**SOURCE MATERIAL**
>>>

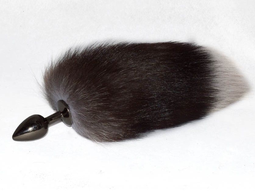 Анальная пробка с натуральным хвостиком (длиной 20-25 см). Пробка небольшого диаметра, никель. Длина хвоста - 20-25 см.
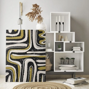 Üveg kép - Absztrakt minták fekete, fehér és arany színben - 70x50cm - Kompozíció: traktusok és sikátorok - Modern fali dekoráció nappalihoz és hálószobához ARTTOR
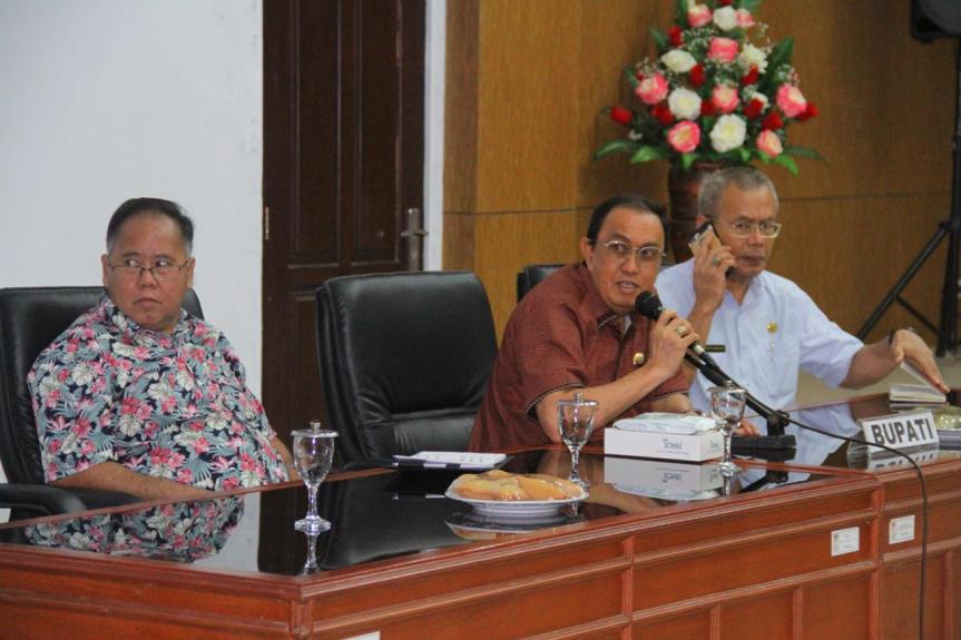 Tondano – Bupati Minahasa Ir. Royke O. Roring, M.Si (ROR) memimpin rapat kerja dalam rangka percepatan dan sinergitas pembangunan di Kabupaten Minahasa Jumat, 1 Maret 2019, di Ruang sidang Kantor Bupati Minahasa.

<<<

**GOAL OF THE EXERCISE**
The job is to return the listing above exactly, minus its pictures.

**REPLY**
 Анальная пробка с натуральным хвостиком (длиной 20-25 см). Пробка небольшого диаметра, никель. Длина хвоста - 20-25 см.
 Üveg kép - Absztrakt minták fekete, fehér és arany színben - 70x50cm - Kompozíció: traktusok és sikátorok - Modern fali dekoráció nappalihoz és hálószobához ARTTOR
 Tondano – Bupati Minahasa Ir. Royke O. Roring, M.Si (ROR) memimpin rapat kerja dalam rangka percepatan dan sinergitas pembangunan di Kabupaten Minahasa Jumat, 1 Maret 2019, di Ruang sidang Kantor Bupati Minahasa.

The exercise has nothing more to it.